In class, we introduced the basic definitions of Big-O notation which forms the basis for the study of the complexity of algorithms. Today, we’ll use Big-O to understand an intuitive, yet frequently inefficient class of algorithms.

Problem: Brute-force

Many algorithms in computing can be classified as combinatorial algorithms. To develop a combinatorial problem for a problem, we must cast that problem as a search for an object of interest from among a finite set of possibilities. Thus, we can think of the algorithm as a search procedure that moves through the space of possibilities in as efficient of a manner as possible.

If there are a finite number of possibilities, then one simple class of combinatorial algorithms are brute-force algorithms where we ignore efficiency and simply try all possible possibilities in some systematic fashion. While seemingly inelegant, sometimes brute-force solutions are the more pragmatic approach—and sometimes even more efficient in real-world settings! However, in many other cases, it is precisely avoiding brute-force search that is the purpose of the algorithm we develop for a task at hand.

Each of the following situations describes a problem that can be recast as a combinatorial algorithm. For each situation:

• Describe what the finite set of possibilities are and the object of interest you are looking for.
• Give a combinatorial description of the number of possibilities that a brute force algorithm would search through.
• From the combinatorial description, give the (temporal) computational complexity in Big-O notation of the associated brute force algorithm for that problem.
• Finally, from the Big-O description you gave, state whether the brute force algorithm is an efficient solution to the problem.
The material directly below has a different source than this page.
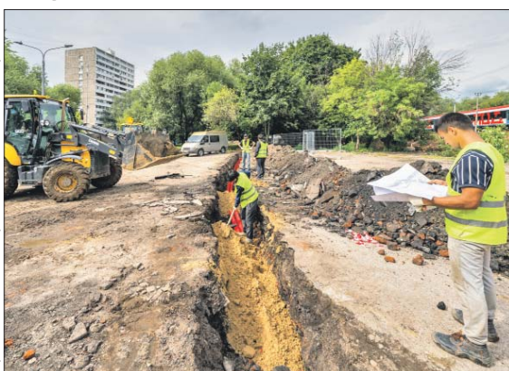
Работы планируют завершить до конца 2023 года

Note that some of the situations described below come from our previous lab on graph problems

1. Finding the smallest element among \(n\) elements of an array.
2. Finding a path between points \(u\) and \(v\) in a simple graph \(G = (V, E)\).
3. Determining whether the \(n\) elements of an array are in sorted order.
4. Given a bipartite graph \(G = (V, E)\) with \(V_1, V_2 \subseteq V\) forming a partition of \(V\) and a matching \(M \subseteq E\), determining whether \(M\) is a perfect matching.
5. Given a bipartite graph \(G = (V, E)\) with \(V_1, V_2 \subseteq V\) forming a partition of \(V\) and a matching \(M \subseteq E\), determine whether \(G\) has a perfect matching.
6. Given a simple \(G = (V, E)\), determine whether \(G\) has a \(k\)-coloring.